# Skwooshee's braids!



## kcalbat (Mar 13, 2007)

So, I saw this in a grooming book and decided to give it a try.

Skwooshee's new look...braids! They really keep the hair out of his eyes.

Does anyone else do this or am I just strange?

sorry for lack of pic quality...camera phone


----------



## Lil Boo Boo (Jul 22, 2006)

Nope, I braide Boo's top hair all the time, that way Dahlia can't chew it out for him...LOL
Looks really good, such a pretty pup!


----------



## k/c mom (Oct 9, 2004)

Oh, that's really beautiful! I love it!!


----------



## lillady (Jan 25, 2007)

Very stylish! :wub:


----------



## sassy's mommy (Aug 29, 2005)

I have braided Sassy's hair way back when but not anymore. Your baby is a cutie.


----------



## paris (Apr 8, 2005)

That is really cute. I'll have to try that on Paris.


----------



## Julie718 (Feb 17, 2006)

I love it!  I wish I could do that on Tillie, but I don't think she would sit still for that long!


----------



## Katkoota (Feb 18, 2006)

LOVE IT


----------



## kcalbat (Mar 13, 2007)

Im pretty lucky...Skwooshee usually stands still long enough for me to brush him. Sometimes he will slowly take these little mini steps and inches his way away from the brush....hes sneaky like that.

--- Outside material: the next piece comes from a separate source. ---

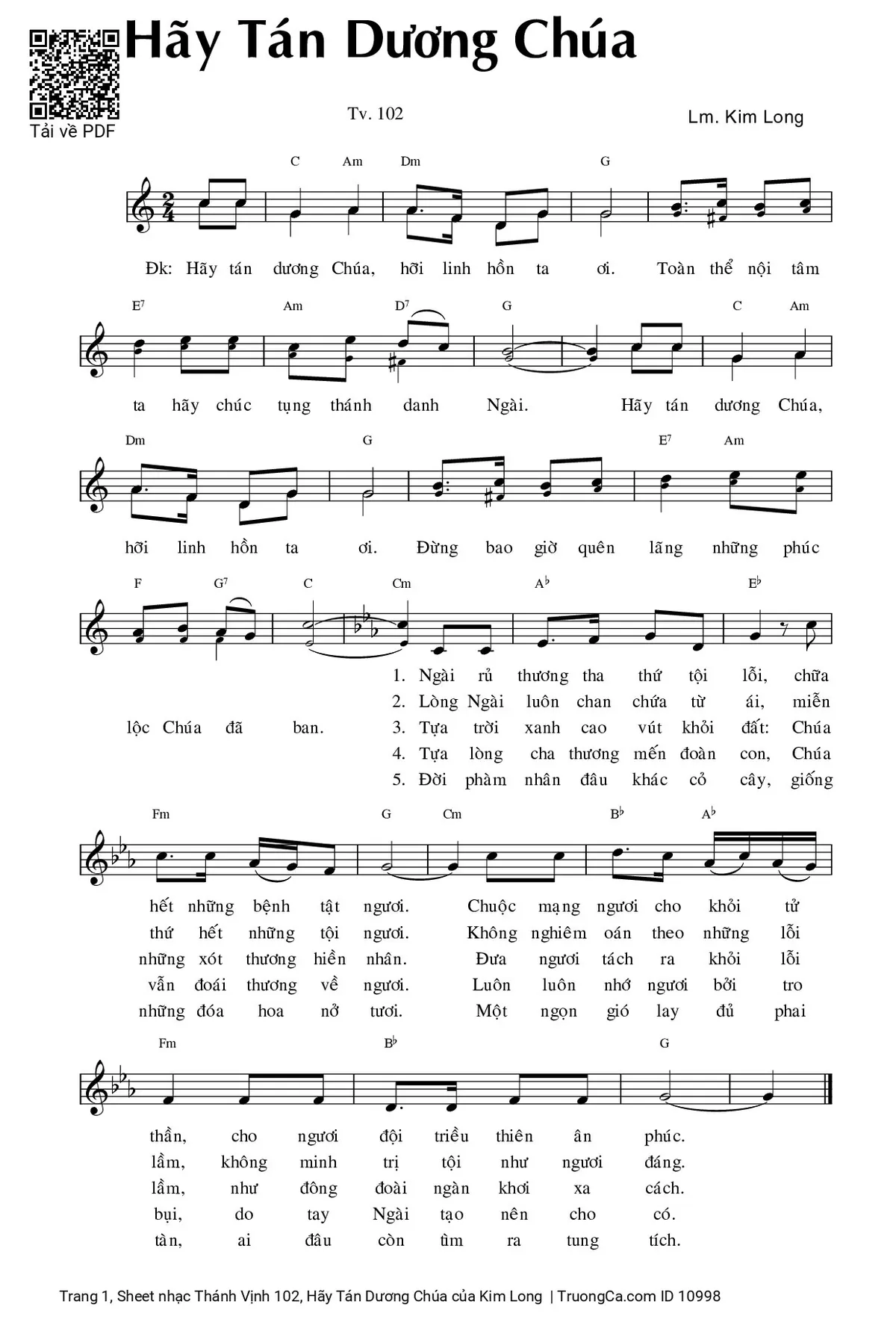 Các sheet PDF tương tự Thánh Vịnh 102, Hãy Tán Dương Chúa:
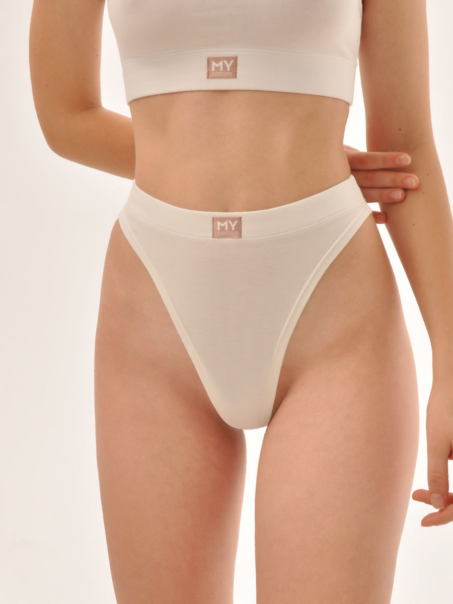 Трусы стринги с высокой посадкой. Модель имеет гигиеническую ластовицу. Специальная бесшовная технология позволяет изделию идеально облегать тело, широкая резинка обеспечивает комфортную посадку и не перетягивает фигуру.

But for some reason the moment I touch his head or ears he literally FLOPS to the ground....head, body, tail everything. So I can really do anything with his topknot.


----------



## dogloverx3 (Apr 14, 2006)

Cute - I like doing hair styles too - but usually it just makes the dogs look CRAZY . Sarah :biggrin:


----------



## Lacie's Mom (Oct 11, 2006)

That's what we did all the time with the show Lhasa Apsos. The braids are great.


----------



## Matilda's mommy (Jun 1, 2005)

not fair :smilie_tischkante: I tried braids on Matilda but they wouldn't stay in. :angry: I LOVE the look. Skwooshee is just beautiful :wub:


----------



## Bonnie's Mommie (Mar 2, 2006)

How adorable!!


----------



## sophie (Jul 9, 2006)

That is really cute.


----------



## Andrea&Luci (Jul 30, 2006)

OMFG WHAT AN AMAZING IDEA!!!!!! :aktion033: :aktion033: :aktion033: I am going to try that on my Luci !


----------



## Cosy (Feb 9, 2006)

I tried braids on Toy one time. She enjoyed rubbing them against a chair until they turned to dread locks :smrofl: :smrofl: :smrofl: 
(and I do mean DREAD :smilie_tischkante: )


----------



## momtoboo (Jan 30, 2006)

That's adorable. I did put braids in Boos hair once, I thought it was pretty. Hubbie thought it was silly for a little boy.


----------



## Carla (Aug 30, 2005)

I've put braids in Shotzi's hair a few times. The problem I had was that they tend to fall forward into her water dish when she gets a drink. Guess I need a bully bowl.

Carla & Shotzi


----------



## Suz & the Fluffs (Mar 11, 2006)

Omg that is sooooo nice! I love it. :wub: Poptart won't even hold still for his topknot. I wouldn't even try to put braids in. :smrofl:


----------



## krish's mom (Feb 27, 2007)

I really wanted to try out braiding Krish's hair but he just wouldnt sit still and also the hair just wasnt enough


----------



## Kara (Apr 29, 2007)

That looks so cute. I used to try to do Milly's but her hair on top of her head is a little short now. ALmost long enough.


----------